ComponentMap lets me iterate over all channels. In my implementation I rely on premultiplied alpha for this to be correct, but for uncorrelated alpha or other algorithms it needs to allow handling alpha separately from color components.

kornelski commented 1 week ago

BTW, many image processing algorithms can't be generic over the purpose of the components or even the transfer function. Giving users access to a bunch of numeric pixel values regardless of the format, like &[u16], is not sufficient to do meaningful correctly-looking things with them.

For example, blur should be done in linearized RGB with premultiplied alpha. Everything deviating from that gets worse. Blending in sRGB is a super common mistake that makes green-red edges brown, makes black on white text thicker, but white on black text disappear. Blurring in YCbCr creates a ton of hue and brightness shifts. Blurring with uncorrelated alpha creates completely wrong colors at the borders, either uncovering previously invisible garbage or creating dark halos.

Even a simple operation like converting from a transparent to opaque image by adding a background color needs the background color converted to a matching color space and blended properly.

I haven't found a satisfactory solution for this.
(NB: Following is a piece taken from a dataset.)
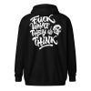 Hoodie med dragkedja med ett stort ryggtryck och ett mindre tryck på ena bröstet. Trycket består av en dödskalle, en skeletthand som visar långfingret och texten ’Fuck what they think’. Passar perfekt till både män och kvinnor, materialet är blandad bomull och polyester.

I just make pixel formats an explicit enum, and have helper functions that convert the images down to a smaller easier-to-support subset of pixel formats as needed.

kornelski commented 1 week ago

I haven't found cases where I'd want image to abstract away whether it's RGB or YUV, because image processing on YUV makes subsampling look even worse, so any image processing needs RGB, and outputs like JPEG or AVIF even when they support RGB, work better with YUV, so I want these conversions to happen anyway, and be explicit.

For everything I work on, I found it sufficient to just support row-oriented storage with stride. This can also support planar types if necessary (like YUV chroma subsampling) by treating them as three images.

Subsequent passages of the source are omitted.